- _Exercise_
Give back every line of the material exactly. Skip the pictures.

- _Provided records_
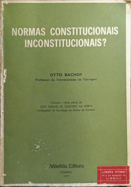 Clique nas imagens para aumentar. BACHOF. (Otto) NORMAS CONSTITUCIONAIS, INCONSTITUCIONAIS?[Por]..., Professor da Universidade de Tübingen. Tradução e Nota prévia de José Manuel M. Cardoso da Costa, Investigador da Faculdade de Direito de Coimbra. Atlântida Editora. Coimbra. 1977. De 22x15 cm. Com xiv, 92, [i] págs. Brochado. Exemplar com capas manuseadas e etiqueta da Livraria Petrony na capa anterior e assinatura de posse na folha de rosto.
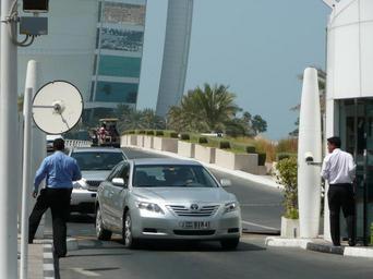 | Keywords: Entrance to the Burj Al Arab 2.jpg Entrance to the Burj Al Arab with a security checkpoint in Dubai United Arab Emirates Vehicles reach the Burj Al Arab through crossing a bridge after they have passed the security checkpoint Commonist no icon Own 2009-09-23 09 41 06 User CT Cooper/Author 25 8 17 9 N 55 11 17 49 E region AE_heading N NoFoP-UAE Personality rights Images by User CT Cooper Taken with Panasonic Lumix DMC-TZ3 Burj Al Arab Security in the United Arab Emirates | ||||
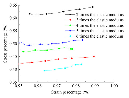 At the initial stage of loading, the stress of rock was mainly concentrated in the elastic modulus abnormal area, and a quantity of AE events mainly concentrated on the abnormal elastic modulus area. The axial stress kept increasing in the normal area, but there were few cracks, and AE events appeared. As the loading continued, the abnormal area of the elastic modulus was gradually destroyed, and its axial stress was decreased. The normal area gradually appeared in AE. When the AE quiet period approached, the axial stress in the abnormal area of the elastic modulus increased slightly, which provided a certain bearing capacity. To study the stress changes in the elastic modulus abnormal area during the AE quiet period, the axial stress and strain in the abnormal area were normalized, and the results are shown in Figure 10. It can be observed that the axial stress in the abnormal area of elastic modulus increased by 2%–5% at this time. The abnormal area of the elastic modulus and the normal area were in a balanced state, and the rock was in the AE quiet period.
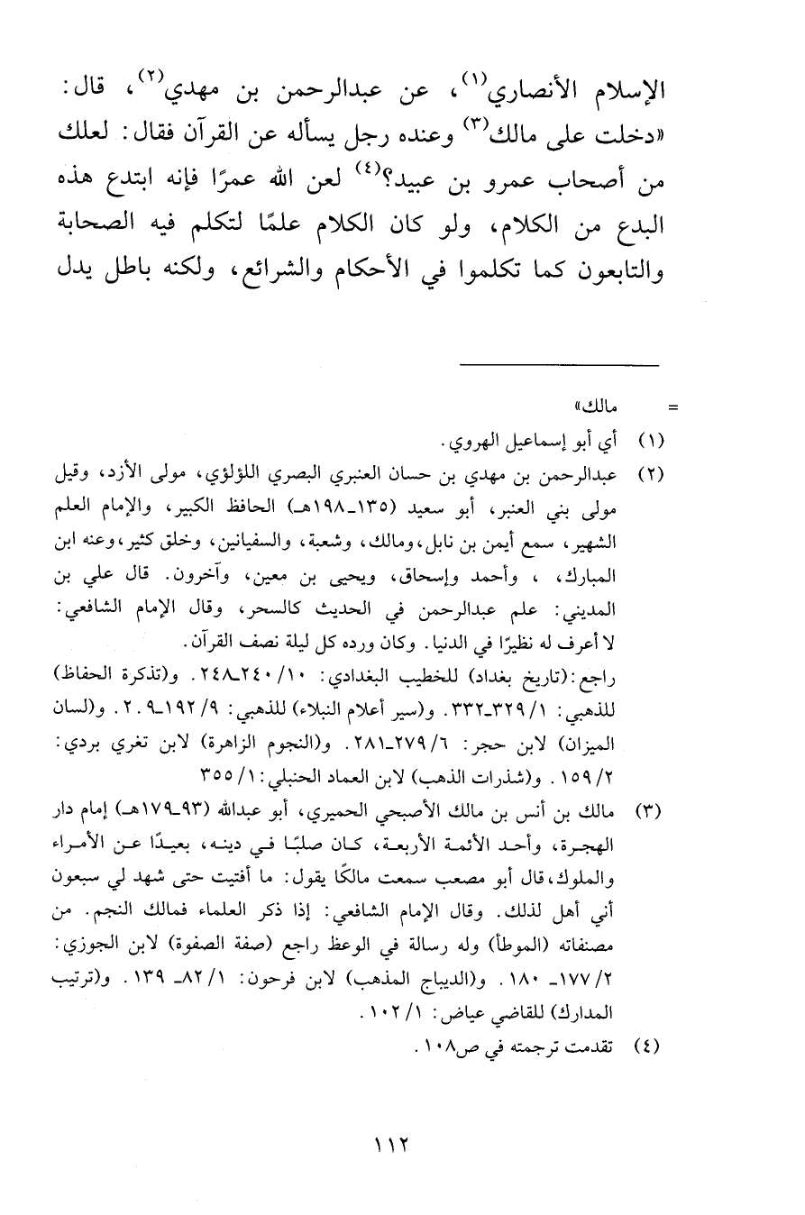 الإسلام الأنصاري عن عبد الرحمن بن مهدي قال دخلت على مالك وعنده رجل يسأله عن القرآن فقال لعلك من أصحاب عمرو بن عبيد لعن الله عمرًا فإنه ابتدع هذه البدع من الكلام ولو كان الكلام علمًا لتكلم فيه الصحابة والتابعون كما تكلموا في الأحكام والشرائع ولكنه باطل يدل
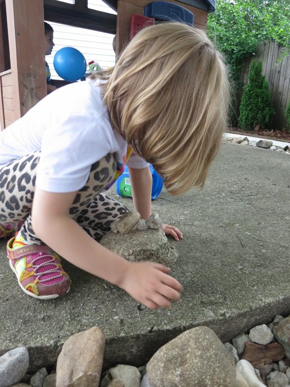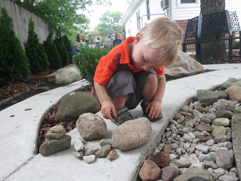 Children are full of natural creativity. Our Wee Frienders demonstrate this fact every day! We have had our new backyard area, complete with a circle of different size rocks and stones, for a few weeks now. Yet friends are still coming up with new ways to use these materials.
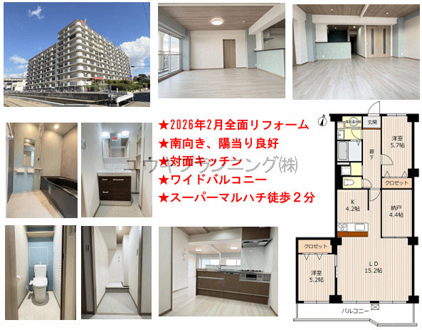 | 間取詳細 | 洋5.7、洋5.2、LDK19.4、納戸4.4 |
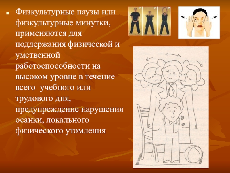 Слайд 9Физкультурные паузы или физкультурные минутки, применяются для поддержания физической и умственной
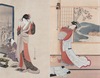 | 1065 | After Eishi Hosada, "Enchantress", 20th century colour print, label verso, 30cm x 20cm, together with another similar print after Shunsho Katsuwaka, "Women of a Shop", 30cm x 20cm, both within matching stained wood frames. | 50-70 |
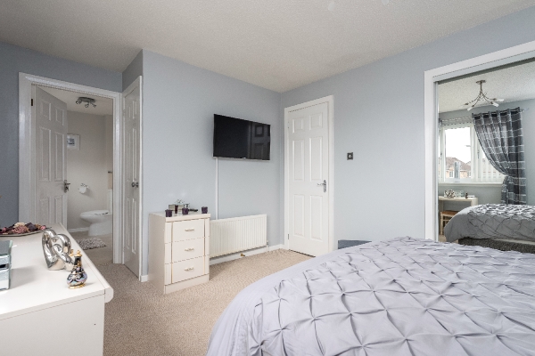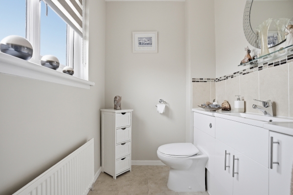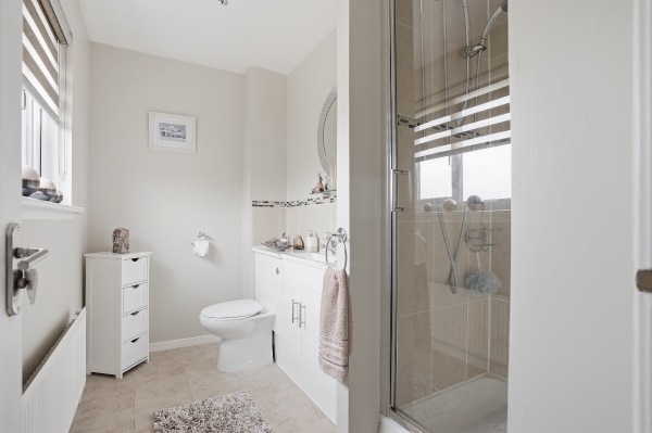 Upstairs, the property continues to impress with four well-proportioned bedrooms, all presented in fresh, neutral décor. The principal bedroom offers a peaceful and private retreat, complete with its own en-suite, creating the perfect space to unwind and recharge. The remaining bedrooms provide excellent flexibility for family living, guest accommodation or home working. The stylish family bathroom is beautifully presented, featuring a contemporary suite with a vanity unit providing excellent built-in storage, and a shower over bath, creating a practical and modern space.

- _Exercise output_
 Clique nas imagens para aumentar. BACHOF. (Otto) NORMAS CONSTITUCIONAIS, INCONSTITUCIONAIS?[Por]..., Professor da Universidade de Tübingen. Tradução e Nota prévia de José Manuel M. Cardoso da Costa, Investigador da Faculdade de Direito de Coimbra. Atlântida Editora. Coimbra. 1977. De 22x15 cm. Com xiv, 92, [i] págs. Brochado. Exemplar com capas manuseadas e etiqueta da Livraria Petrony na capa anterior e assinatura de posse na folha de rosto.
 | Keywords: Entrance to the Burj Al Arab 2.jpg Entrance to the Burj Al Arab with a security checkpoint in Dubai United Arab Emirates Vehicles reach the Burj Al Arab through crossing a bridge after they have passed the security checkpoint Commonist no icon Own 2009-09-23 09 41 06 User CT Cooper/Author 25 8 17 9 N 55 11 17 49 E region AE_heading N NoFoP-UAE Personality rights Images by User CT Cooper Taken with Panasonic Lumix DMC-TZ3 Burj Al Arab Security in the United Arab Emirates | ||||
 At the initial stage of loading, the stress of rock was mainly concentrated in the elastic modulus abnormal area, and a quantity of AE events mainly concentrated on the abnormal elastic modulus area. The axial stress kept increasing in the normal area, but there were few cracks, and AE events appeared. As the loading continued, the abnormal area of the elastic modulus was gradually destroyed, and its axial stress was decreased. The normal area gradually appeared in AE. When the AE quiet period approached, the axial stress in the abnormal area of the elastic modulus increased slightly, which provided a certain bearing capacity. To study the stress changes in the elastic modulus abnormal area during the AE quiet period, the axial stress and strain in the abnormal area were normalized, and the results are shown in Figure 10. It can be observed that the axial stress in the abnormal area of elastic modulus increased by 2%–5% at this time. The abnormal area of the elastic modulus and the normal area were in a balanced state, and the rock was in the AE quiet period.
 الإسلام الأنصاري عن عبد الرحمن بن مهدي قال دخلت على مالك وعنده رجل يسأله عن القرآن فقال لعلك من أصحاب عمرو بن عبيد لعن الله عمرًا فإنه ابتدع هذه البدع من الكلام ولو كان الكلام علمًا لتكلم فيه الصحابة والتابعون كما تكلموا في الأحكام والشرائع ولكنه باطل يدل
 Children are full of natural creativity. Our Wee Frienders demonstrate this fact every day! We have had our new backyard area, complete with a circle of different size rocks and stones, for a few weeks now. Yet friends are still coming up with new ways to use these materials.
 | 間取詳細 | 洋5.7、洋5.2、LDK19.4、納戸4.4 |
 Слайд 9Физкультурные паузы или физкультурные минутки, применяются для поддержания физической и умственной
 | 1065 | After Eishi Hosada, "Enchantress", 20th century colour print, label verso, 30cm x 20cm, together with another similar print after Shunsho Katsuwaka, "Women of a Shop", 30cm x 20cm, both within matching stained wood frames. | 50-70 |
 Upstairs, the property continues to impress with four well-proportioned bedrooms, all presented in fresh, neutral décor. The principal bedroom offers a peaceful and private retreat, complete with its own en-suite, creating the perfect space to unwind and recharge. The remaining bedrooms provide excellent flexibility for family living, guest accommodation or home working. The stylish family bathroom is beautifully presented, featuring a contemporary suite with a vanity unit providing excellent built-in storage, and a shower over bath, creating a practical and modern space.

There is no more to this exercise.